What are our next research steps?
As described above we are collecting information which will give us a more comprehensive view of PHC’s record of success, will aim to speak with other organisations working on micronutrients, and will scrutinise the evidence used to support high benefit to cost ratios of fortification. Further research could both lead us to endorse PHC with greater confidence, or drop it from our list. Those who would like to know more, or offer relevant information, can reach us at research [at] givingwhatwecan [dot] org.
What is GiveWell’s attitude to Project Healthy Children and Deworm the World?
We asked GiveWell about its views on these organizations. GiveWell responded as follows:
"Both Deworm the World and Project Healthy Children are near the top of the list of organizations we would be interested in considering were they interested in working with us. In both cases, we think there are significant unanswered questions about the organizations' track records that lead us to expect higher impact per dollar from our top 3 charities (AMF, GiveDirectly and SCI) relative to these 2.
We would be interested in evaluating both PHC and DTW if they were ready to go through our charity evaluation process. (In fact, we reached out to both organizations earlier this year suggesting that they engage with us.) In addition, in the case of DTW, we've done considerable work on the evidence for deworming and feel comfortable in our assessment of the evidence. We have only done minimal work on the evidence for the types of nutrition programs that PHC implements and, based on our past experience, we feel that this in-depth assessment of the independent evidence for program effectiveness would also be an important step in any assessment we would make.

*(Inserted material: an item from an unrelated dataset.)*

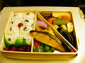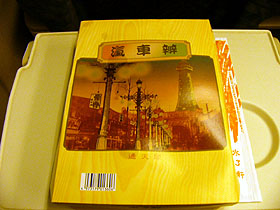 【↑ 新大阪駅で購入した駅弁、《汽車弁》。通天閣をデザインした包装がなかなか。でも中身はフツーの幕の内】

We agree that both organizations have the potential for leveraged impact, but we think it's worth noting that there are many other organizations in many different categories about which the same could be said. Within developing-world health, there are many other organizations that seek to leverage government resources (examples include Micronutrient Initiative, GAIN, ICCIDD, and many more) and there are also many organizations that seek to pioneer fundamentally new approaches to old problems, which if adopted widely could have extremely magnified effects (some examples can be found on the Skoll Foundation website). We also believe that our top charities have their own opportunities for magnified/leveraged impact (see the section just below the "strengths/weaknesses table" of our 2012 top charities announcement). More broadly, there are many organizations in many causes that work on policy advocacy, scientific research aimed at technological breakthroughs, field research aimed at better informing aid, systems change, culture change, and other interventions that could have enormous effects from a cost-per-DALY perspective. Donors seeking higher-risk, higher-reward charities have many options."

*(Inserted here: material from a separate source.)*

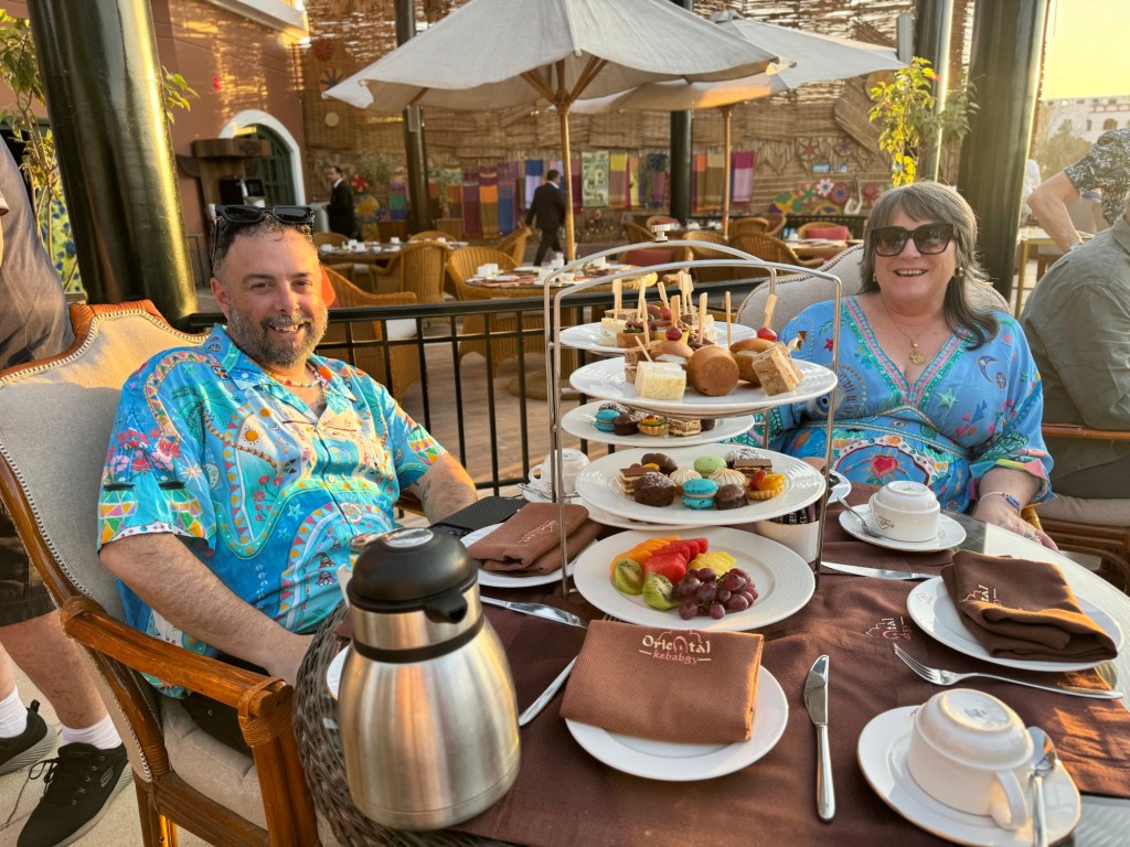After the felucca theatrics, we dressed up for something truly special: afternoon tea at the Old Cataract Hotel, where Agatha Christie wrote Death on the Nile.

My response to this would be:
Preferring more strictly vetted charities is a defensible position. Whether you think DtW or PHC can outperform other organisations will be affected by how strongly you assume a charity of this kind doesn’t work until comprehensively proven otherwise. However, given the potential to increase our impact several-fold relative to AMF, I think we should take their approach very seriously both in our further research, and when considering where to give. The risk that PHC turns out to be worse than the alternative has to be balanced against the fact that it could be much better.
While I agree with GiveWell that it is possible that the other organisations listed offer even larger leverage, the research we have done gives us greater confidence in PHC at this point than any of the others listed. The probable existence of other, better, as-yet-unidentified options isn’t relevant for someone deciding between AMF or PHC today.